-------- Task input --------
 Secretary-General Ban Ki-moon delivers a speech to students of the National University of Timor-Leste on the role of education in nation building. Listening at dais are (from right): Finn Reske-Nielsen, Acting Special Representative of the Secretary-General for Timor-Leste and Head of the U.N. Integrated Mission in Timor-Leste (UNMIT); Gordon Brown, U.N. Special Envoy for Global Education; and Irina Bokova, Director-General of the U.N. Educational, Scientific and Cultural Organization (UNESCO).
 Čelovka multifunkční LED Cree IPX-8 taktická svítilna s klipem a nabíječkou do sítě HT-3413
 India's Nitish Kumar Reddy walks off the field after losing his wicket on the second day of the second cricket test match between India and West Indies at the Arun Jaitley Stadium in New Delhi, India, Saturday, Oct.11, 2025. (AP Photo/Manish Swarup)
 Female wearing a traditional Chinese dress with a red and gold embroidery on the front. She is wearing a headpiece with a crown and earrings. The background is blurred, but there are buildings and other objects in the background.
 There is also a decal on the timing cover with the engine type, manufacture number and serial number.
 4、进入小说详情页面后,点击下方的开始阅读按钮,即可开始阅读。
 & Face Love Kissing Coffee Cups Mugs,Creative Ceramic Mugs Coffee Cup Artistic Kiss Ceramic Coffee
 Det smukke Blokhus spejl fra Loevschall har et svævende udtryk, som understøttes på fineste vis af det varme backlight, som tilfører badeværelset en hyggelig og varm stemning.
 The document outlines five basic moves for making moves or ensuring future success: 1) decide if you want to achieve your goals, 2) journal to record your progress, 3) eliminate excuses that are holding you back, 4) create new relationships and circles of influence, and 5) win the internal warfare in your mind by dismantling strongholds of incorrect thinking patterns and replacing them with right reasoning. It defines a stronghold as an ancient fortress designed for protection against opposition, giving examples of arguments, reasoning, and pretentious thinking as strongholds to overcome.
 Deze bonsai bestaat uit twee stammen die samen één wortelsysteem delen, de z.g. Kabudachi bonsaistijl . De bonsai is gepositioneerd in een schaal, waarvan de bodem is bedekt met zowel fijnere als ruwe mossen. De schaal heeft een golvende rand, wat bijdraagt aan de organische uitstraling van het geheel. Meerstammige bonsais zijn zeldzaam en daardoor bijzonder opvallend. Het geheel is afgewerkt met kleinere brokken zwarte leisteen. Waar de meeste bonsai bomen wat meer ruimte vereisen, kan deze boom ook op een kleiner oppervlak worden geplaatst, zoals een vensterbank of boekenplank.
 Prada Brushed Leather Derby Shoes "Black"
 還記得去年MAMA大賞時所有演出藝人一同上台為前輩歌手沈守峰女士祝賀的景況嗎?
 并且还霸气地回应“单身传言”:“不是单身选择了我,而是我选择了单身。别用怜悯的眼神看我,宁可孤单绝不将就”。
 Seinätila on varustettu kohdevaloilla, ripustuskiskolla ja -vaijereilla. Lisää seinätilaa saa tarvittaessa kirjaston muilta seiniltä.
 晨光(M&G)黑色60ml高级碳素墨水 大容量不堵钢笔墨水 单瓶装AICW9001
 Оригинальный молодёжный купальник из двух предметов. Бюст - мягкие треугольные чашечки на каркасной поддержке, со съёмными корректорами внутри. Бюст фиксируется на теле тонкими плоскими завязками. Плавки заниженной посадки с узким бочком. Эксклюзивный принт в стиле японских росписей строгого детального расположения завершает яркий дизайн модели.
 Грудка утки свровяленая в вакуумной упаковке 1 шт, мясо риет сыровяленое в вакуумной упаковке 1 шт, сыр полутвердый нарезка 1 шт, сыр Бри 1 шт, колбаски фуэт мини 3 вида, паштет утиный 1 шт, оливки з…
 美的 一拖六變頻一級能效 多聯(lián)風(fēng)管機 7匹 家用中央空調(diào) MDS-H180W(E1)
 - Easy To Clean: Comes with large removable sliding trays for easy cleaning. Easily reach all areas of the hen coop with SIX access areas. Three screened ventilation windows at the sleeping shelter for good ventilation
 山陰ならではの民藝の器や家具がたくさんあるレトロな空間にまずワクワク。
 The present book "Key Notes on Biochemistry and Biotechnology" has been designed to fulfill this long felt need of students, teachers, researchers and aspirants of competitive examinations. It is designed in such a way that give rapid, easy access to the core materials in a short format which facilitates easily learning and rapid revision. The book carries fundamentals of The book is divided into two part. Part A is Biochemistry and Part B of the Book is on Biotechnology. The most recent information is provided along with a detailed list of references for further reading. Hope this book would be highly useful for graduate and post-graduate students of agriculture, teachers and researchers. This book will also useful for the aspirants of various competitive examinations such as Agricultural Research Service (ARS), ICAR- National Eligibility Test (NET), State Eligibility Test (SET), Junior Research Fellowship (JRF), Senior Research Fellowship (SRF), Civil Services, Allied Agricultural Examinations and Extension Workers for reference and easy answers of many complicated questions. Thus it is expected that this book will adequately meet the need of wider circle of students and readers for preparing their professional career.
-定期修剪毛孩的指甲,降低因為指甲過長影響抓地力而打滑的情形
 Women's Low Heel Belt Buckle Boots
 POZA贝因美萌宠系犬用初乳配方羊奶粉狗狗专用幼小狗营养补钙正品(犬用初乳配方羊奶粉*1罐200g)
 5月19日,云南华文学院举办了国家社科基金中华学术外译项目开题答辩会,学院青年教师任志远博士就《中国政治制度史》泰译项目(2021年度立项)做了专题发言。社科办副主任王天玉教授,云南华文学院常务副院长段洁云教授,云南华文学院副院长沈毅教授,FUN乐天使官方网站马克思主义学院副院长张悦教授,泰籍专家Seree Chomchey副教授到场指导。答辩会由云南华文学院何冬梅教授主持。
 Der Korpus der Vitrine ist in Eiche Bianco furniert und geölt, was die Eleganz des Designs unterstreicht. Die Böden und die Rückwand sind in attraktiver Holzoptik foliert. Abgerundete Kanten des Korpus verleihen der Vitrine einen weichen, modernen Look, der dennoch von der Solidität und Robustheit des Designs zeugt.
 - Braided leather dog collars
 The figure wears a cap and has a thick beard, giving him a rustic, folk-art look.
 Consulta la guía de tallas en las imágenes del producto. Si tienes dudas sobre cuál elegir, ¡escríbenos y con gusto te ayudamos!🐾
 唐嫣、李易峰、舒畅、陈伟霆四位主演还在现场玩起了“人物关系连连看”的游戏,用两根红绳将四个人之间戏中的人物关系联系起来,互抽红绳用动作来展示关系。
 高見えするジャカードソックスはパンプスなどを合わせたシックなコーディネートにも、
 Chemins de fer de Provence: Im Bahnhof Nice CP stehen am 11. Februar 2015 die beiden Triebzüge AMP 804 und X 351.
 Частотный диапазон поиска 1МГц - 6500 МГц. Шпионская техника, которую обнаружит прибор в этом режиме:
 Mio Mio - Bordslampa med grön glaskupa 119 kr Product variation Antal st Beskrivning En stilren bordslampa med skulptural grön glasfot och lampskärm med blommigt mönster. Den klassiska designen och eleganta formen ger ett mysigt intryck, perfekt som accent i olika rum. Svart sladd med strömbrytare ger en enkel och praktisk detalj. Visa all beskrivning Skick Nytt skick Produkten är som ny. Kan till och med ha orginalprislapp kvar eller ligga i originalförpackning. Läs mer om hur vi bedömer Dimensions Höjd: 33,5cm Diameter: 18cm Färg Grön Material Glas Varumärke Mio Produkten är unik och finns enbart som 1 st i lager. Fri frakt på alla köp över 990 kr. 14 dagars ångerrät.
--------
Task to carry out: Above are the records. Print exactly, and only, the lines from the line with "晨光(M&G)黑色60ml高级碳素墨水 大容量不堵钢笔墨水 单瓶装AICW9001" to the line with "山陰ならではの民藝の器や家具がたくさんあるレトロな空間にまずワクワク。", both inclusive.

Exercise solution:
 晨光(M&G)黑色60ml高级碳素墨水 大容量不堵钢笔墨水 单瓶装AICW9001
 Оригинальный молодёжный купальник из двух предметов. Бюст - мягкие треугольные чашечки на каркасной поддержке, со съёмными корректорами внутри. Бюст фиксируется на теле тонкими плоскими завязками. Плавки заниженной посадки с узким бочком. Эксклюзивный принт в стиле японских росписей строгого детального расположения завершает яркий дизайн модели.
 Грудка утки свровяленая в вакуумной упаковке 1 шт, мясо риет сыровяленое в вакуумной упаковке 1 шт, сыр полутвердый нарезка 1 шт, сыр Бри 1 шт, колбаски фуэт мини 3 вида, паштет утиный 1 шт, оливки з…
 美的 一拖六變頻一級能效 多聯(lián)風(fēng)管機 7匹 家用中央空調(diào) MDS-H180W(E1)
 - Easy To Clean: Comes with large removable sliding trays for easy cleaning. Easily reach all areas of the hen coop with SIX access areas. Three screened ventilation windows at the sleeping shelter for good ventilation
 山陰ならではの民藝の器や家具がたくさんあるレトロな空間にまずワクワク。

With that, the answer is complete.